◆ WORK ORDER: Copy exactly the lines of the data below, beginning with the line with "Unzip our Lunar" and ending with the line with "- 배터리: 208mAh, 한번". Pictures are to be omitted.

◆ PROVIDED RECORDS:
——————————
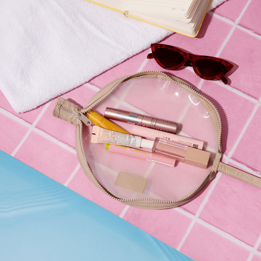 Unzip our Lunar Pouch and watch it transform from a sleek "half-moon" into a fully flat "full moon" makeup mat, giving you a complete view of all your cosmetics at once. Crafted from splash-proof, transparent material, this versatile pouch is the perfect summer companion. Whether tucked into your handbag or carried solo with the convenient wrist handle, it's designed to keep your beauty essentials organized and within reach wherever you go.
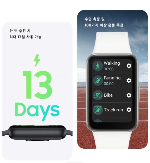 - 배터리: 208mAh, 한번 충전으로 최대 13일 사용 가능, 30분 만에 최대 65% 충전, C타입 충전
——————————
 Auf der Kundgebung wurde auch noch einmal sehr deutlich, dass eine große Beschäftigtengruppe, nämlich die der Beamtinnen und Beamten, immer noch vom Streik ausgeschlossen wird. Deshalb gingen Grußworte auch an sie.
——————————
◆ TASK ANSWER:
 Unzip our Lunar Pouch and watch it transform from a sleek "half-moon" into a fully flat "full moon" makeup mat, giving you a complete view of all your cosmetics at once. Crafted from splash-proof, transparent material, this versatile pouch is the perfect summer companion. Whether tucked into your handbag or carried solo with the convenient wrist handle, it's designed to keep your beauty essentials organized and within reach wherever you go.
 - 배터리: 208mAh, 한번 충전으로 최대 13일 사용 가능, 30분 만에 최대 65% 충전, C타입 충전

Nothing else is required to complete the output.